▶ _What the task requires_
All lines in the records below from the line with "A soft modern" through the line with "Przyczepa stoi w 2" are to be given again exactly, both ends included; the pictures are to be left out.

Records to process START

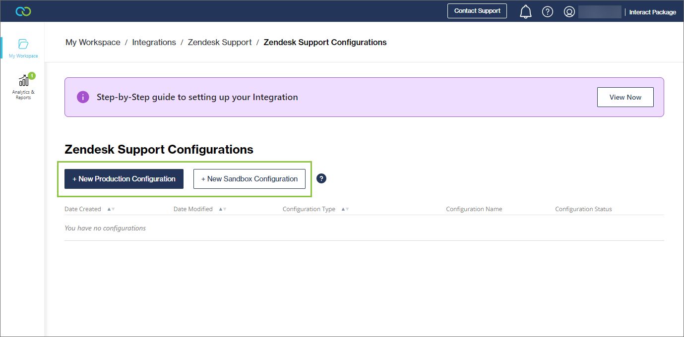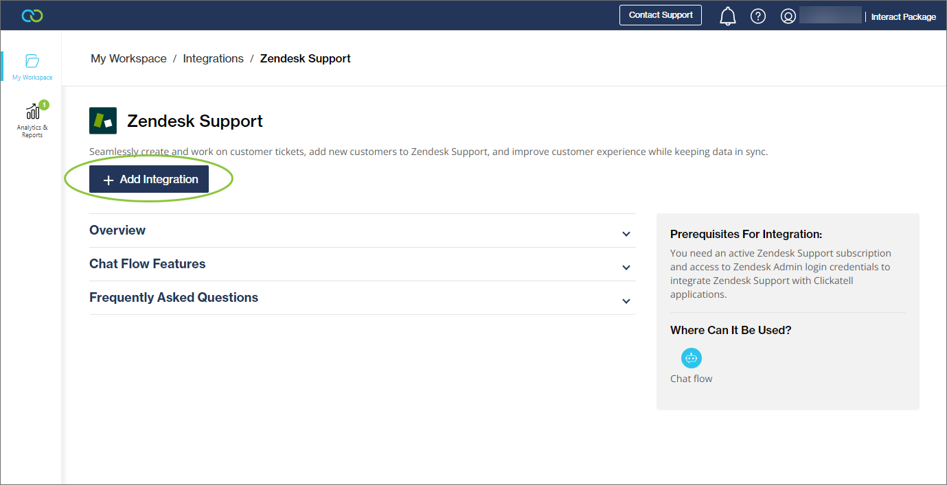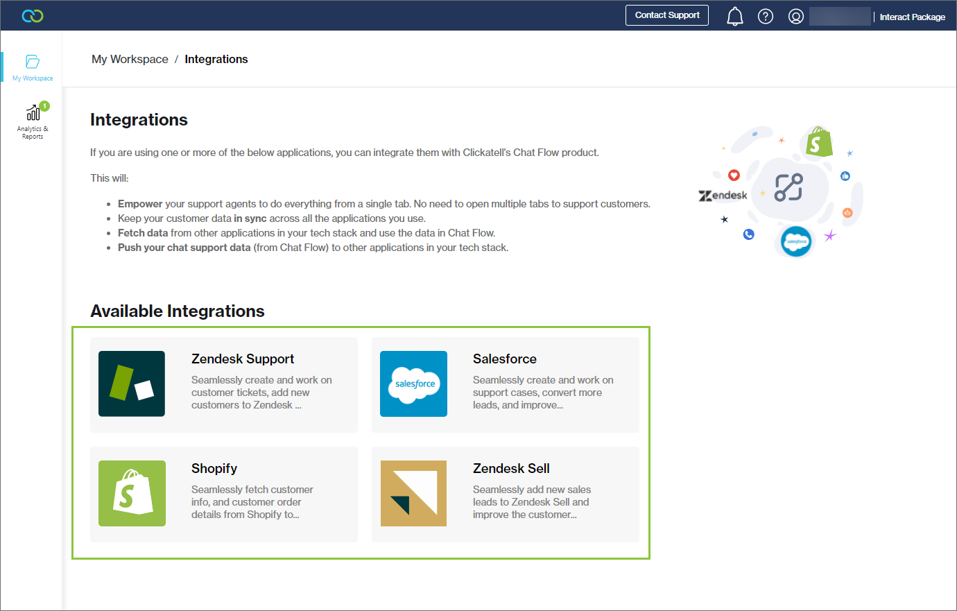In the Clickatell Portal, go to My Workspace -> Integrations.
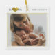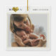 A soft modern keepsake for new parents, this white and gold tree ornament features a simple gold heart behind the baby’s name, a clean serif font for the text, and a large photo template photo, that you can replace with your own favorite image of mom and newborn; add your baby’s name and date of birth to create a personalized heirloom that looks beautiful on the Christmas tree year after year and makes a sweet gift for grandparents and family.
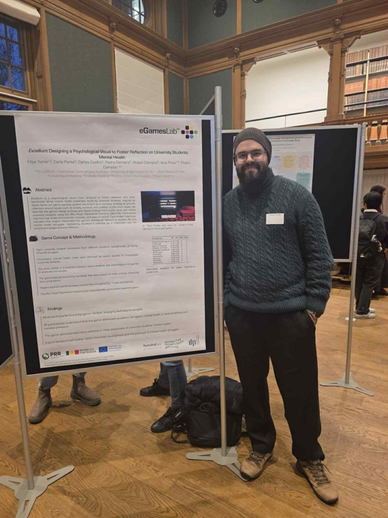 At GALA 2025 in Utrecht, he presented a short pitch and poster on “Excellium: Designing a Psychological Visual Novel to Foster Reflection on University Students’ Mental Health.”
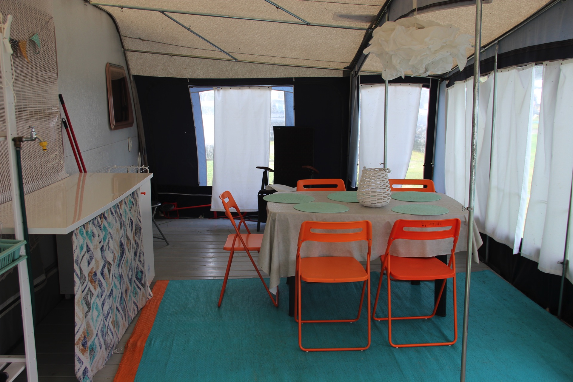Przyczepa stoi w 2 linii brzegowej na polu Chałupy 6 po lewej stronie od wjazdu.  Z przedsionka widać zatokę. Przyczepa stoi w szerokim pasie co sprawia, że obok jest sporo wolnego miejsca.
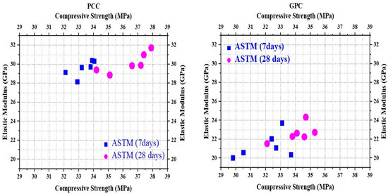 Equation (1) was used to calculate the elastic modulus of GPC and PCC samples at an age of seven days and 28 days. Then, a correlation between compressive strength and modulus of elasticity was derived (Figure 6). It can be seen in Figure 6 that a slight overall increase in compressive strength of PCC resulted in a much larger increase in the overall value of dynamic modulus of elasticity approximately ranging from 27 GPa to 33 GPa. However, GPC showed a minor increase of the dynamic modulus of elasticity, approximately ranging from 20 GPa to 24 GPa, with an increasing of compressive strength from 30 MPa to 35 MPa. The standard deviation value of GPC and PCC was 1.24 and 0.76, respectively, at seven days, while the standard deviation value of GPC and PCC was 0.85 and 0.96, respectively, at 28 days. This is a very interesting finding and is in good agreement with Fernandez-Jimenez et al.’s study [87] where with a similar compressive strength the elastic modulus of fly-ash based GPC was in the range of 10–20 GPa, while cement-based concrete had a higher elastic modulus in the range of 25–35 GPa. According to Duxson et al. [88] and Sofi et al. [89], the elastic modulus of GPC depended on the SiO2/Al2O3 ratio, mix proportion and curing method. However, both Sofi et al. [89] and Duxson et al. [88] reported that the elastic modulus of GPC varied from 10–55 GPa, which covers the values of elastic modulus of GPC reported in this research. The aforementioned issue indicates that Equation (1) is applicable for cement-based concrete, and this equation overestimated the dynamic elastic modulus of GPC owing to the higher resonant of PCC [25].
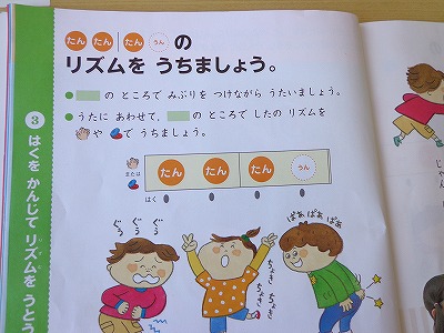 かすtがネットを使って、リズムを打つ練習をしました。歌いながらカスタネットを叩いて、最後にジャンケンをしました。
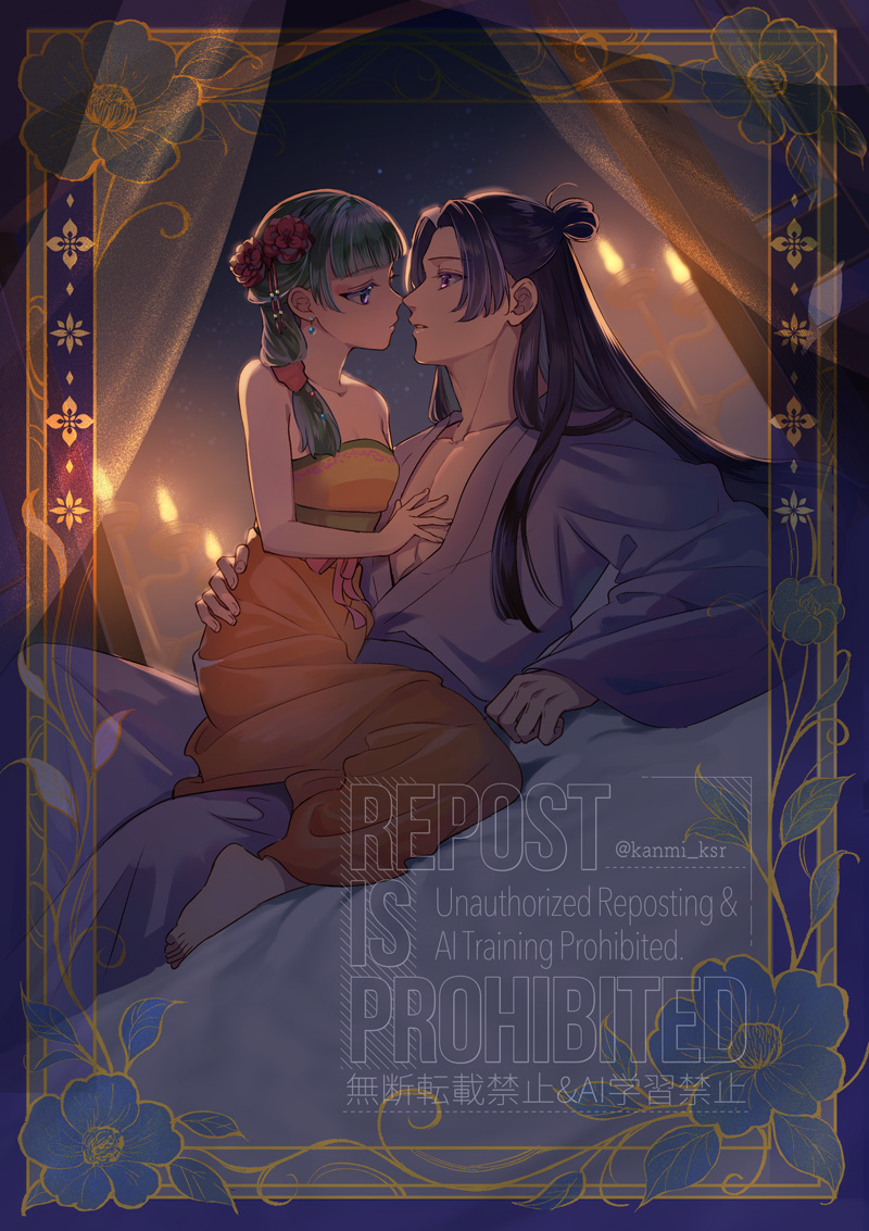 1boy1girlarm around waistbare armsbare shouldersbarefootblue eyesblunt bangsbreastscouplecurtainsdressearringsflowergreen hairhair bunhair flowerhair ornamenthair over one eyehalf updohand on another's chestheteroimminent kissjewelrykanmi ksrlong dresslong hairlooking at anotherorange dressparted bangsparted lipspink eyespurple hairpurple robered flowerrobesmall breastsstraplessstrapless dresstwitter usernamewatermark

Records to process END

▶ _Result for this exercise_
 A soft modern keepsake for new parents, this white and gold tree ornament features a simple gold heart behind the baby’s name, a clean serif font for the text, and a large photo template photo, that you can replace with your own favorite image of mom and newborn; add your baby’s name and date of birth to create a personalized heirloom that looks beautiful on the Christmas tree year after year and makes a sweet gift for grandparents and family.
 At GALA 2025 in Utrecht, he presented a short pitch and poster on “Excellium: Designing a Psychological Visual Novel to Foster Reflection on University Students’ Mental Health.”
Przyczepa stoi w 2 linii brzegowej na polu Chałupy 6 po lewej stronie od wjazdu.  Z przedsionka widać zatokę. Przyczepa stoi w szerokim pasie co sprawia, że obok jest sporo wolnego miejsca.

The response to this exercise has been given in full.